For a discussion of dynamic-inhibition-performance tests, please see the complete paper.

Stirred-Vessel Dynamic Test of H3 in the Presence of PbS, ZnS, and CaCO3 Scales. In this system, the dynamic vessel in Fig. 3 above was used and the calcite deposits on the spindle were analyzed to observe the nature and state of the deposited calcite scale. Calcite crystals formed on the metal surface in bulk after 24 hours in the vessel using brine compositions with Ca=20,000 ppm, Pb=0 ppm, Zn=0 ppm, and S=0 ppm. The crystal shape of the calcite showed no distortions, although crystal aggregation was noted in the bulk. When CaCO3 crystals were coprecipitated with PbS and ZnS using the brine compositions with Ca=20,000 ppm, Pb=50 ppm, Zn=100 ppm, and S=250 ppm, they were highly distorted and covered in a sheen of PbS and ZnS on the metal surface. The bulk calcite produced with PbS and ZnS and the CaCO3 crystals were distorted, and calcite was not aggregated in the bulk. 1,000‑ppm H3 was then added to the brine to prevent PbS and ZnS deposition under the same conditions (brine compositions with Ca=20,000 ppm, Pb=50 ppm, Zn=100 ppm, and S=250 ppm) but with CaCO3-crystal formation. Under these conditions, the CaCO3 crystals were significantly distorted to round/spherical crystals, and fewer crystals were deposited on the metal surface. The calcite precipitated in the bulk, on the other hand, was visually more rounded, unlike the base case. The CaCO3 crystals were of different sizes with smooth edges, indicating that severe distortion of these crystals was caused by the presence of the H3 chemical.

When 500 ppm of H3 was added to prevent PbS and ZnS (Ca=20,000 ppm, Pb=50 ppm, Zn=100 ppm, and S=250 ppm), the resulting CaCO3 crystals were again significantly distorted to round/spherical crystals. The precipitated CaCO3 crystals deposited on the metal surface were aggregated together. When CaCO3 was coprecipitated with ZnS/PbS (Ca=20,000 ppm, Pb=50 ppm, Zn=100 ppm, and S=250 ppm) and 10 ppm of H3, the deposited crystals on the metal surface showed signs of surface pitting and the crystal surface appeared to be distorted even at a low dose.

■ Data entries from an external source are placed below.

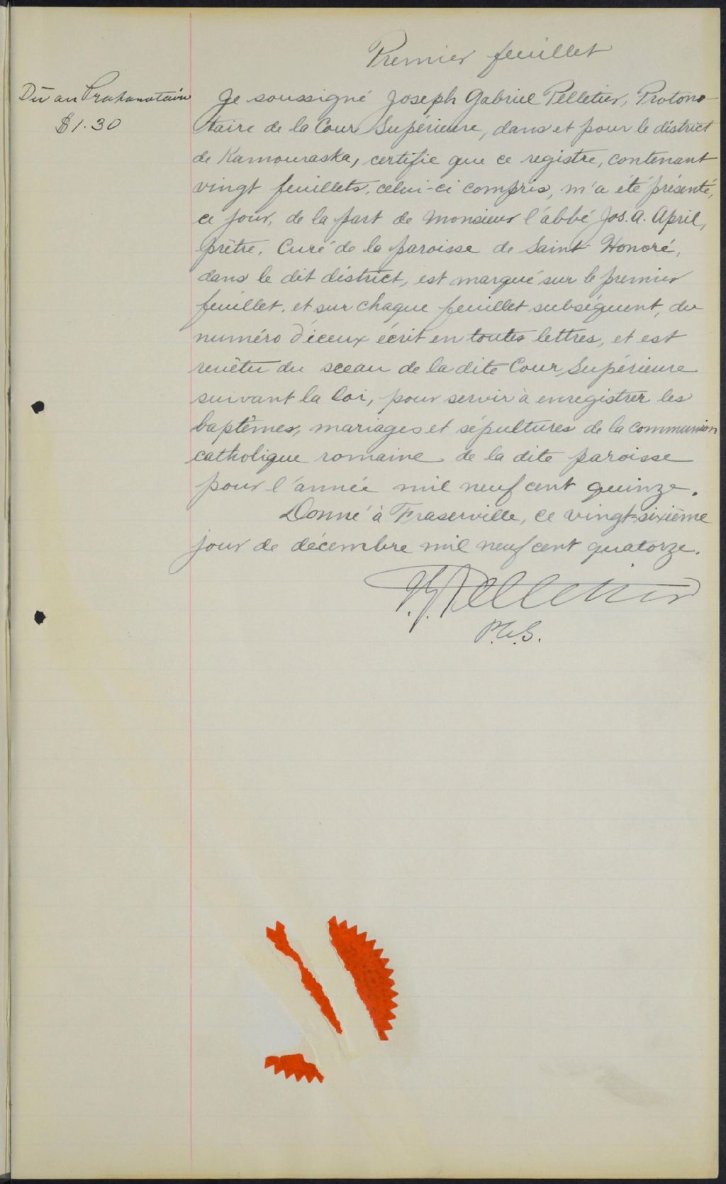 Saint-Honoré, 1871-1921, Archives nationales à Rimouski, Fonds Cour supérieure. District judiciaire de Kamouraska. État civil, (01R,CE104,S23).
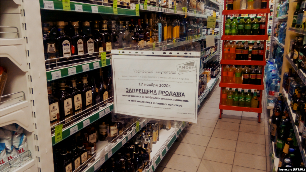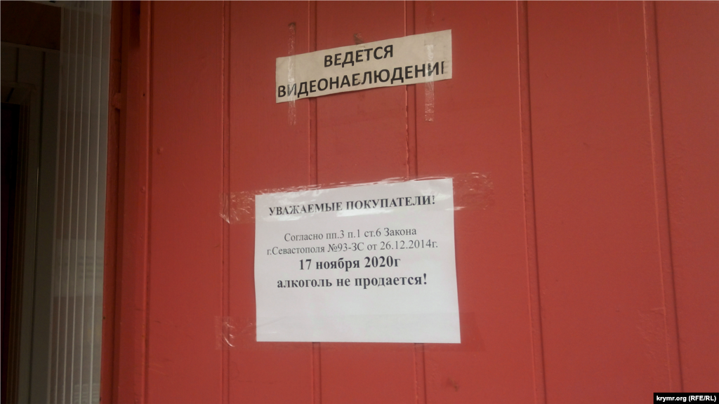 На дверях и витринах магазинов разместили объявления, в которых предупредили покупателей, что продажа алкоголя 17 ноября запрещена. В супермаркетах, по сообщениям корреспондента Крым.Реалии, доступ к полкам с алкоголем перекрыт. Специализированные магазины по продаже спиртного закрыты, однако некоторые пивные бары алкоголем все-таки торгуют.
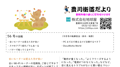 社内報56号(2025年10月発行)をアップしました。今月号では、古いルーターのデメリット […]
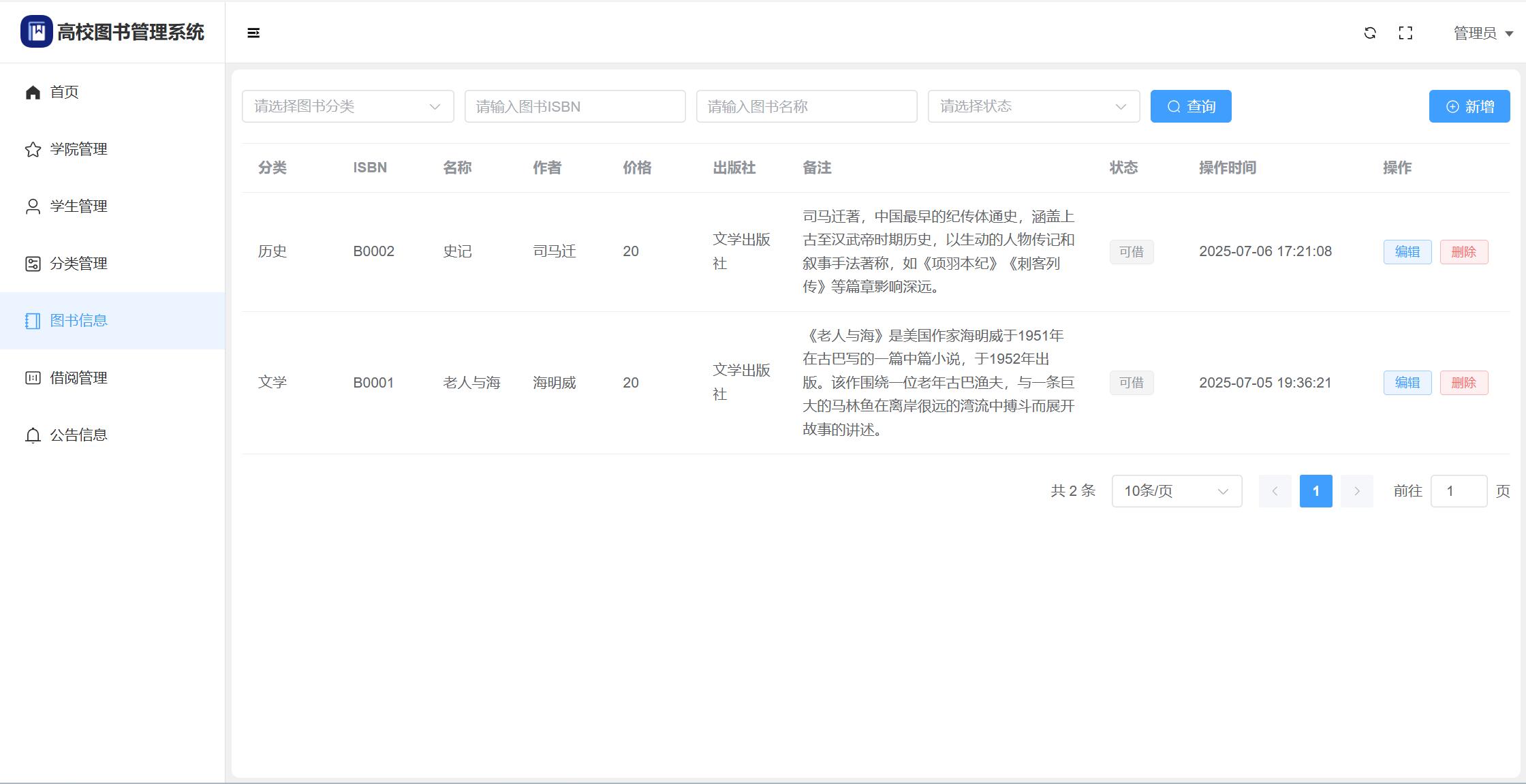 基于SpringBoot3+Vue3前后端分离的高校图书管理系统,系统包含管理员、学生角色,功能如下:
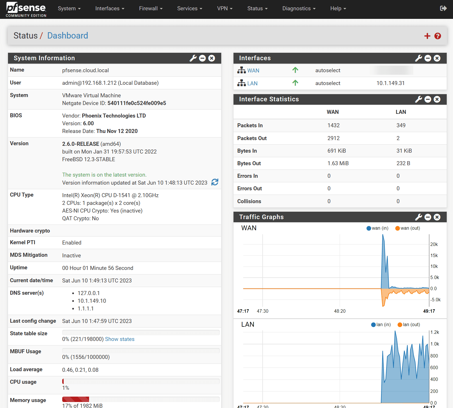 And we arrive at the pfSense+ dashboard!
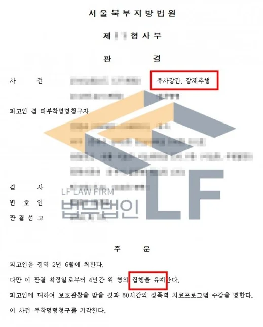 또한 의뢰인이 각 범행을 인정하고 깊이 반성하고 있음을 변론하며 선처를 구하였고, 의뢰인의 양형 자료를 바탕으로 변호인 의견서를 작성하여 재판부에 제출하였습니다. 그렇게 하여 유사강간에 대해서 집행유예를 받게 되었습니다.
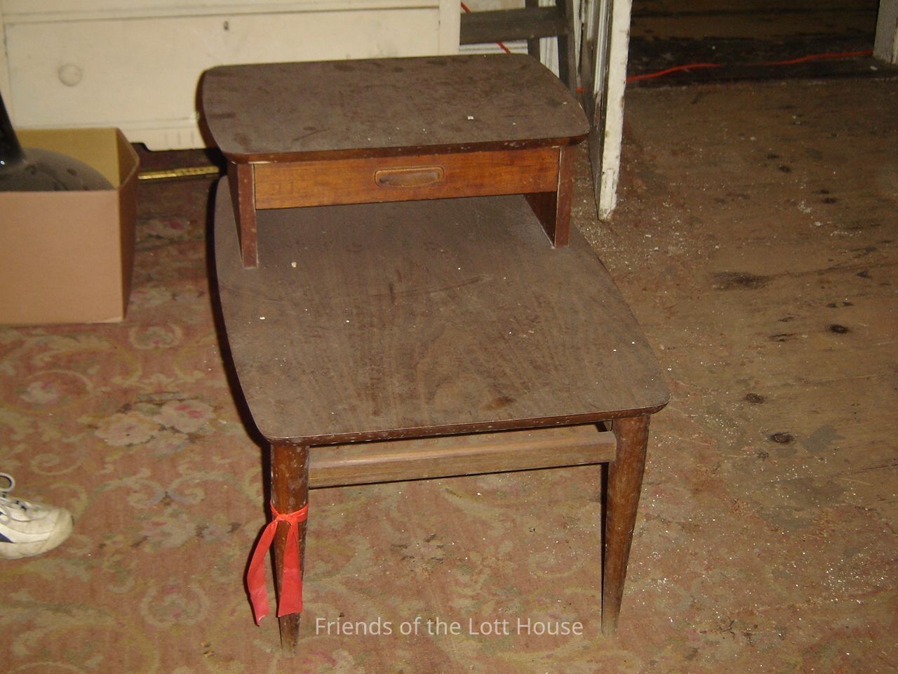 Wood end table of curved, rectangular shape having a partial second tier fitted with drawer, supported on turned, tapered legs.Acquisition
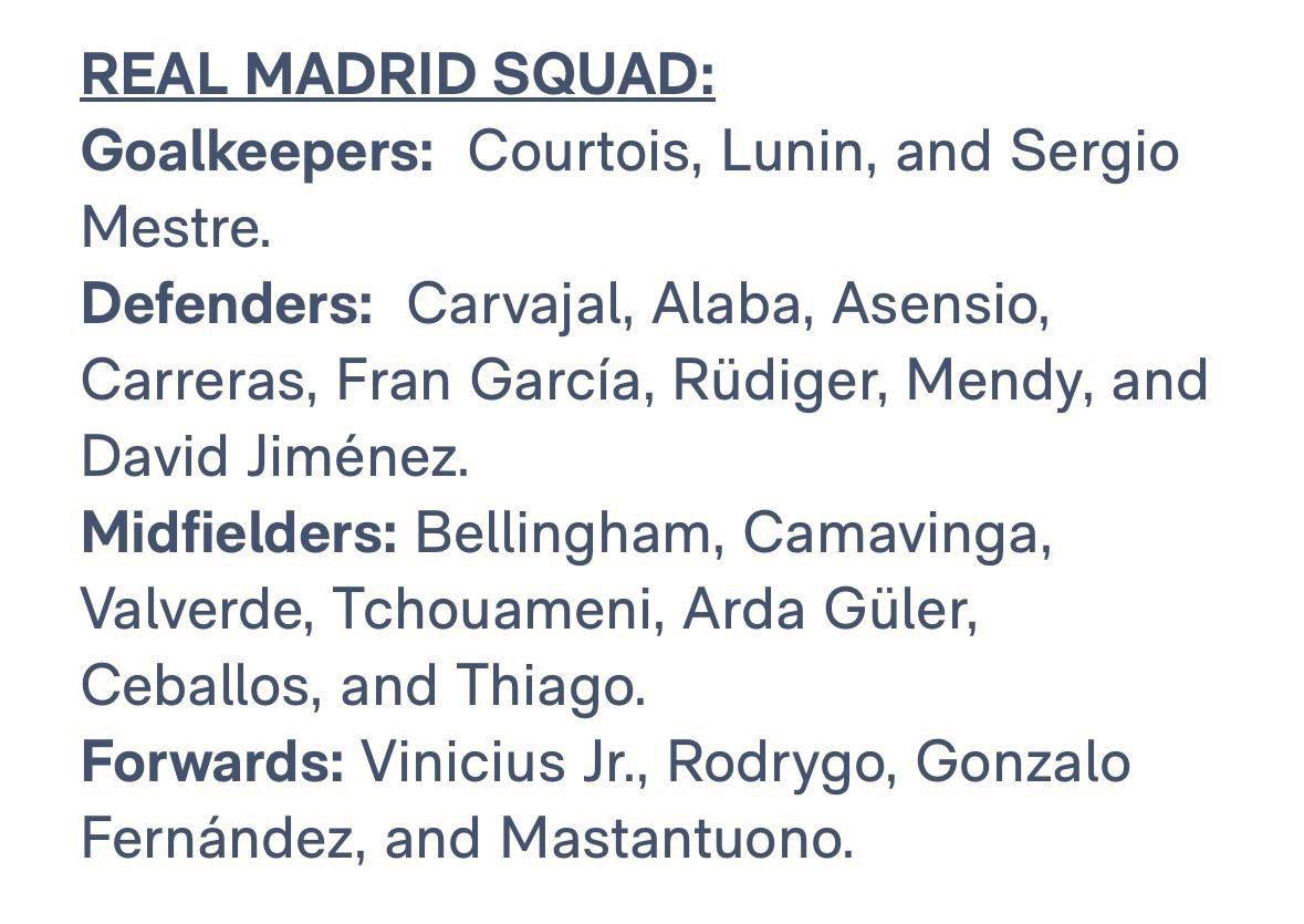 Тошкент вақти билан 20:15'да старт оладиган учрашув учун "қироллик клуби"нинг кенгайтирилган таркиби билан танишинг.

The results from the tests in this simple dynamic vessel indicate that, even at low doses of H3 of approximately 10 ppm, the chemical still had a significant effect on the CaCO3-crystal morphology.

For a discussion of inhibitor-­thermal-aging-test results, please see the complete paper.

Summary and Conclusions

Four main products were identified as ­having some sulfide inhibition for severe mixed ZnS/PbS scales. Of these species, H3 worked under the most-­severe sulfide-­scaling conditions tested here (Zn=100 ppm, Pb=50 ppm, and S=250 ppm). The next-best product showed some performance in the lower-sulfide cases (S=5 ppm). The other two products also showed some limited activity, but at a much lower level than other products.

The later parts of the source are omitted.